3.3.4 Kimura’s two-parameter (K2P) analysis
To discover the hypervariable regions among T. rupestris, T. rupestris var. ciliate, G. rupestre, and G. macrophyllum. 95 intergenic regions were retracted from the chloroplast genomes of 4 species, and the genetic distance of the intergenic regions were calculated by the K2p (Kimura 2-parameter) model. A total of 29 intergenic regions has K2p values ranging from 2.35 to 25.745. Among them, rps16-trnQ-UUG, trnH-GUG-psbA, trnF-GAA-ndhJ have higher K2p values, which are 5.745, 4.752, and 4.607, respectively. It can be seen that these regions vary greatly among the chloroplast genomes of the four species, and can be used as potential molecular marker development regions (Figure 8).

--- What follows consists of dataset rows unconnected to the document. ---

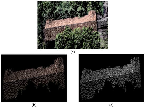 In addition, we evaluated the effectiveness of building point extraction in two different scenes from the Urban-LiDAR dataset: a complex scene and a low-density scene. Figure 18c displayed the extracted building point cloud using the proposed method in the complex scene, and the precision, recall, and F1 score of the roof were 98.82%, 98.38%, and 98.60%, respectively. It demonstrated that the proposed method could extract building points accurately in the complex scene. Figure 19c shows the extraction results using the proposed method in the scene with low point density. The recall of the roof was only 92.02%, but the precision was 99.41%, and the F1 score was 95.57%. It could be seen that there were relatively dense points with significant fluctuations at the edges of the original points, and even if we used the region growing algorithm to process it, points at that location could still be lost.
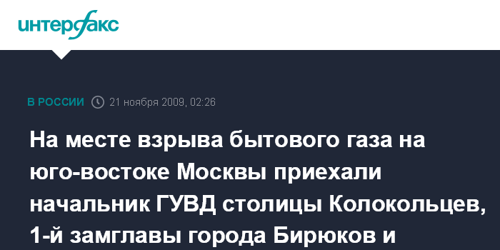 На месте взрыва бытового газа на юго-востоке Москвы приехали начальник ГУВД столицы Колокольцев, 1-й замглавы города Бирюков и главный пожарный Климкин
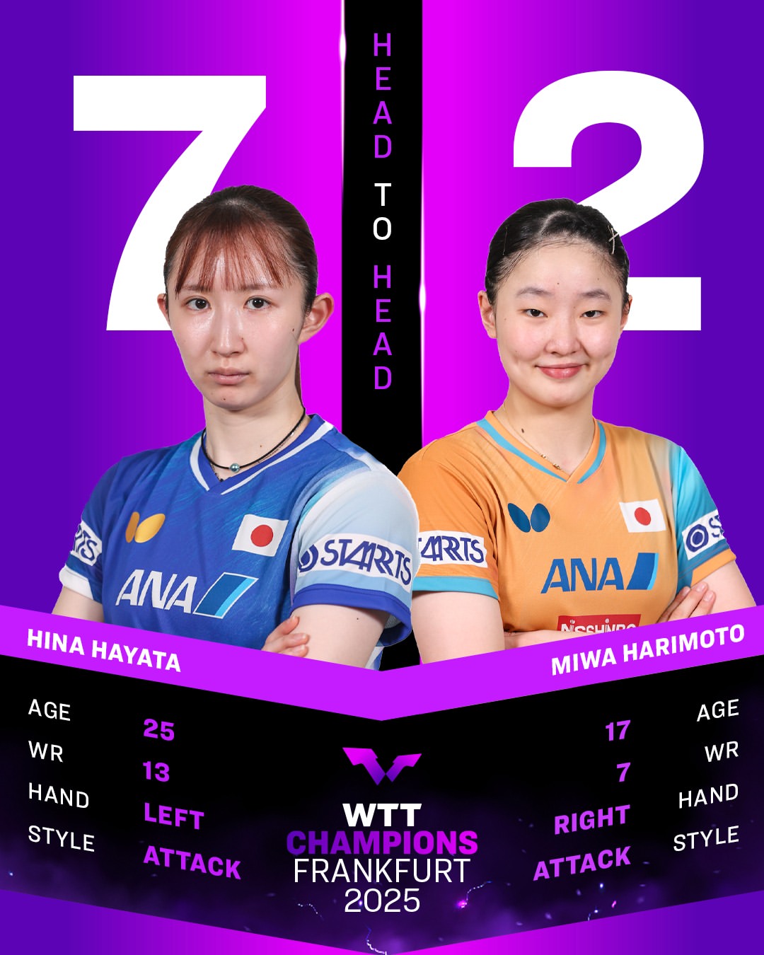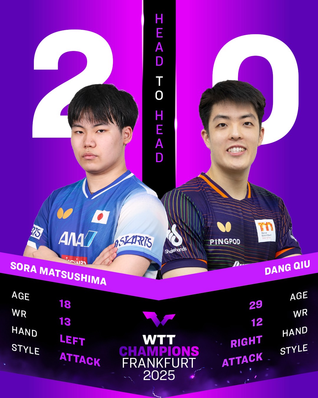 WTTins报道。以下是两位决赛选手在WTT系列赛历史上的交锋记录#WTTFrankfurt#乒乓球
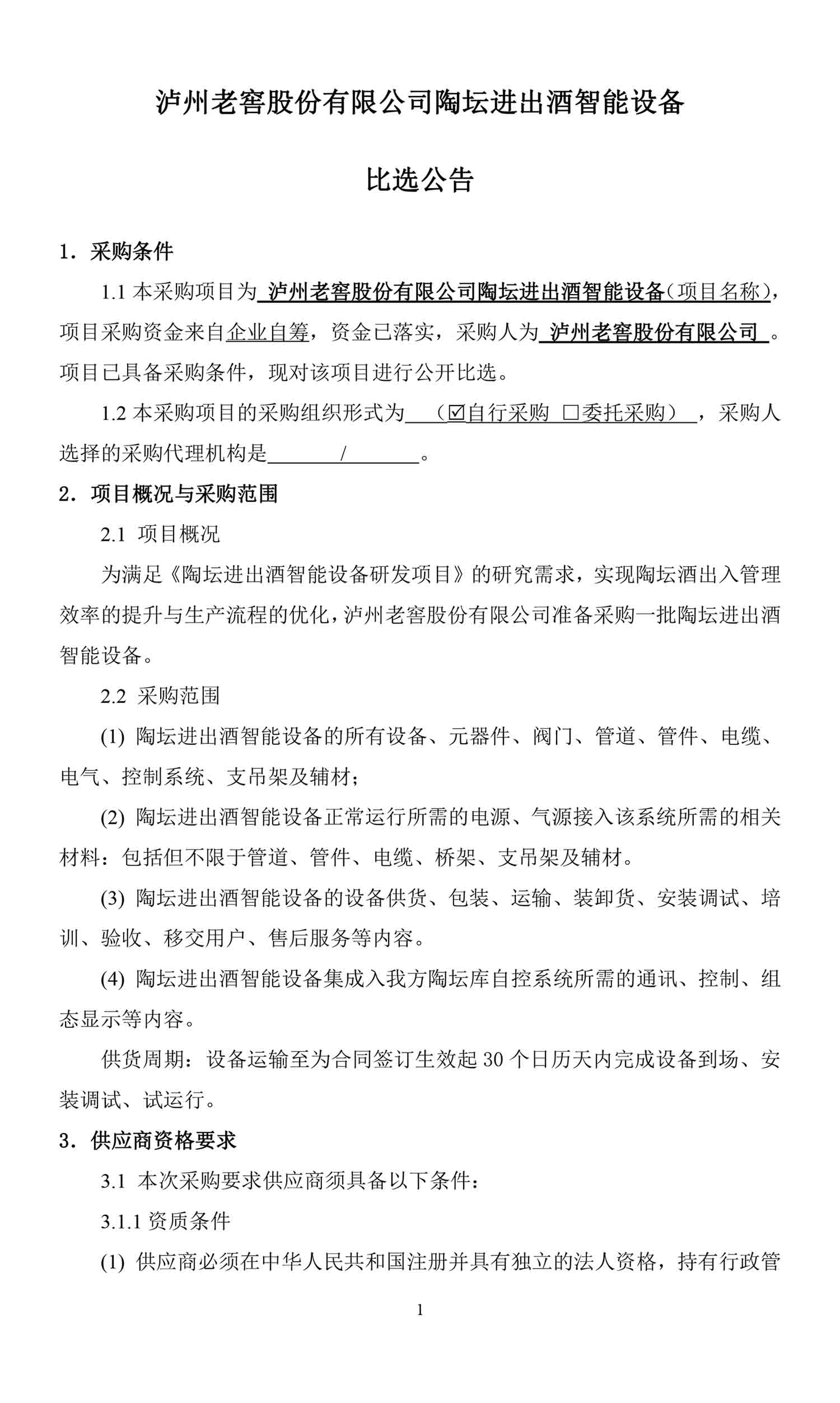 蘑菇视频 陶坛进出酒智能设备比选公告
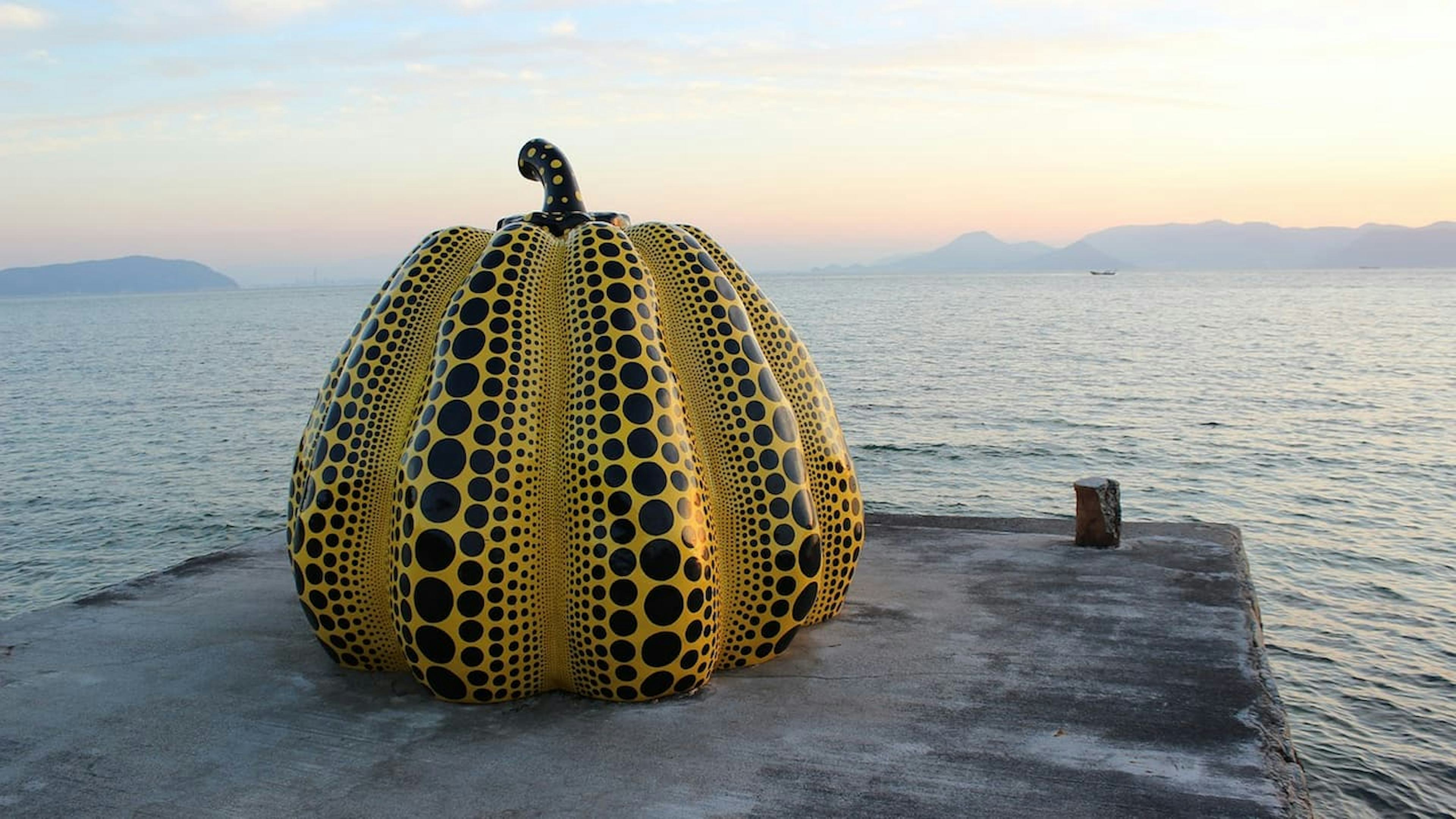 直島への旅は、宮浦港から始まります。港に降り立つと、真っ先に目に飛び込んでくるのが、草間彌生の代表作「赤かぼちゃ」。真っ赤な巨大なかぼちゃが、直島のアート島としての魅力を象徴しているんです。
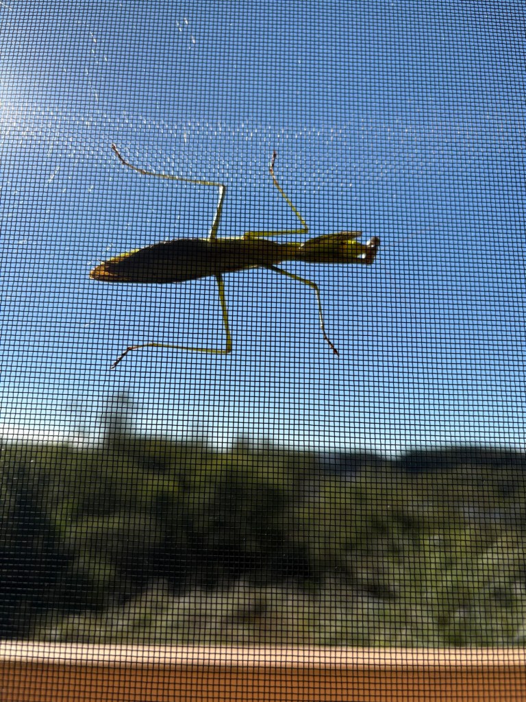 リビングの網戸につかまっていた、カマキリさん。秋の終わりを告げています。無事に良いパートナーと巡り会えますよう。
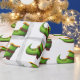 White wrapping paper with a pattern of green and yellow leprechaun boots. Illustrated by Patricia Alvarez.
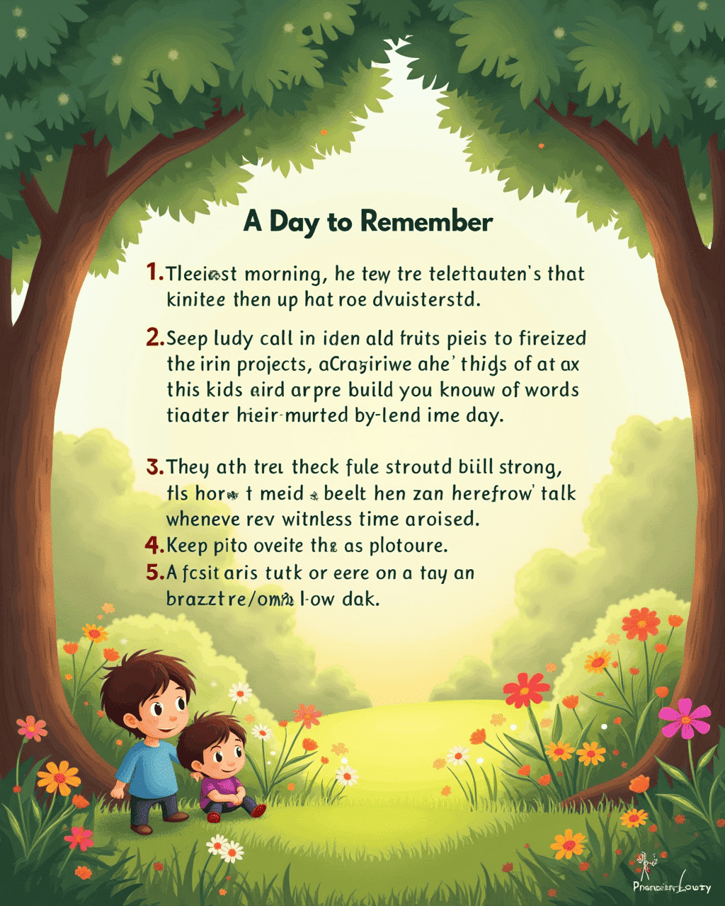 1. Inspired by their treehouse, the children began planting a small patch of bright marigolds beside the oak. 2. They invited friends to help water the flowers and share stories of their own tiny adventures. 3. The garden grew and attracted butterflies, turning the backyard into a lively wonderland. 4. Parents noted that their children’s imagination shone brighter during play. 5. The treehouse became a symbol of teamwork, growth, and shared dreams.
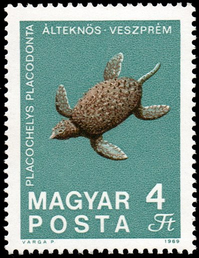 Visibility: public Image owner: none postage 9/1/1969 4fo multi issue=State Geological Institute 100th dt=Fossils & minerals (1969) d=Fossilized turtle Placochelys placodonta from Veszprém unwmk perf=11.5x12 Crops No visible images cropped from this one. Measurements Resolution is unknown. Source Source name: Colnect File URL: http://i.colnect.net/b/890/356/Fossilized-Turtle-Placochelys-placodonta-from-Veszprém.jpg Uploaded August 26, 2014, 10:29 pm by Stan Shebs |
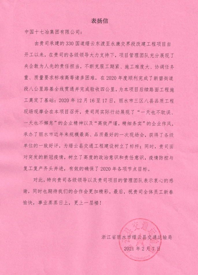 2月7日,浙江缙云县交通运输局向中国十七冶集团致表扬信,对路桥工程技术分公司浙江330国道缙云东渡至永康交界段改建工程项目部诚信履约,优质建设给予表扬并表示感谢。
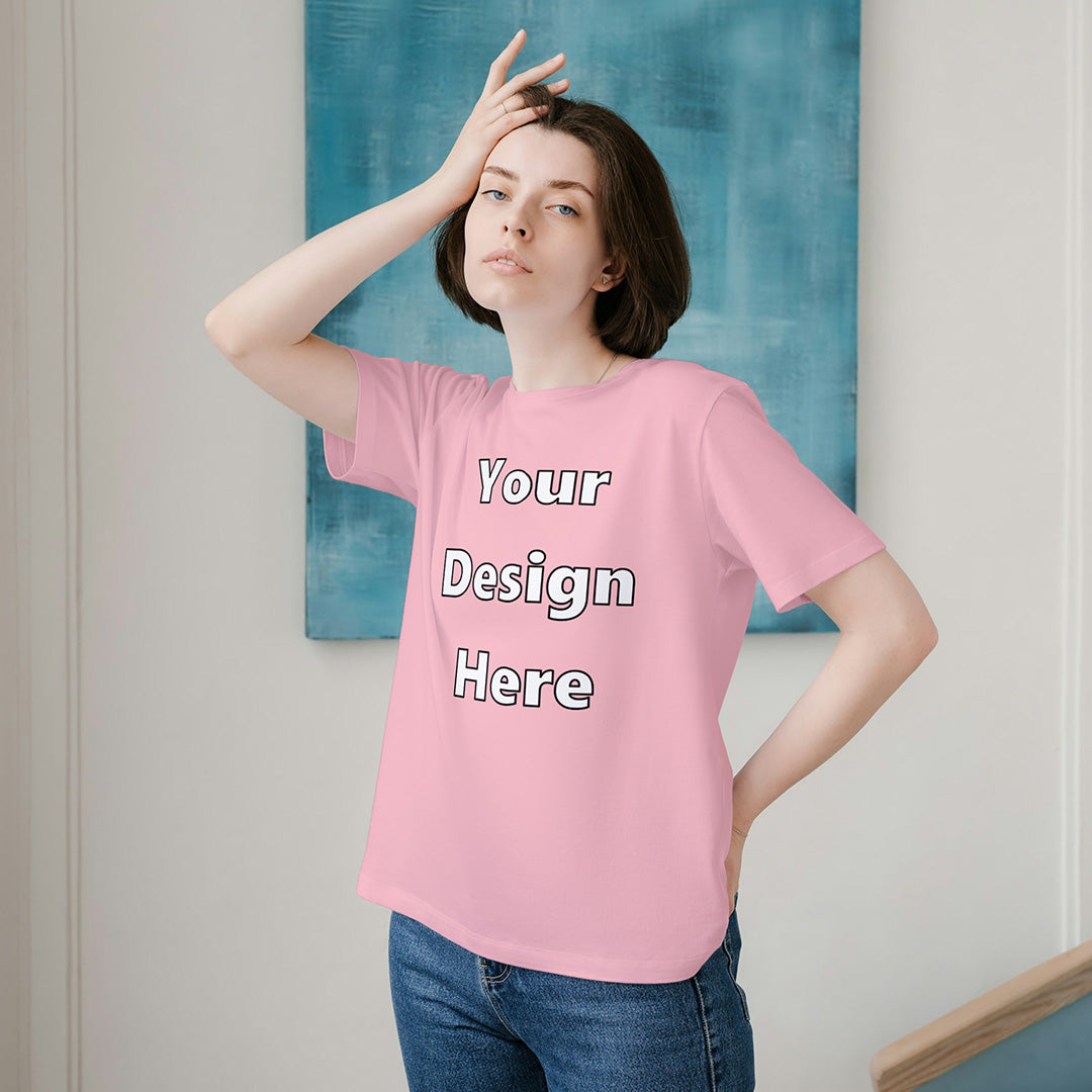 Light Pink Round Neck Cotton Classic Crew T-shirt Front Customized Design | Unisex

3.5 Selective pressures analysis
Nonsynonymous (amino acid-replacing, Ka) and synonymous (Ks) substitutions and their ratio (Ka/Ks) are applied to reveal the intensity of natural selection on DNA sequence evolution [42, 43]. Ka/Ks value > 1 indicates positive selection, Ka/ Ks < 1 indicates purification or negative selection, and Ka/ Ks value 1 indicates neutral selection. The Ka/Ks ratio was calculated and compared for 96 protein-coding genes in T. rupestris, T. rupestris var. ciliate, G. rupestre, and G. macrophyllum chloroplast genomes to investigate genome evolution (Table 4). The Ka/Ks of Taihangia. T. rupestris, T. rupestris var. ciliate, G. macrophyllum and G. rupestre are 1.24455, 0.814338, 0.652981, and 0.732876, respectively. This result indicated that T. rupestris was subjected to positive pressure selection, T. rupestris var. ciliate, G. macrophyllum, and G. rupestre were subjected to negative selection.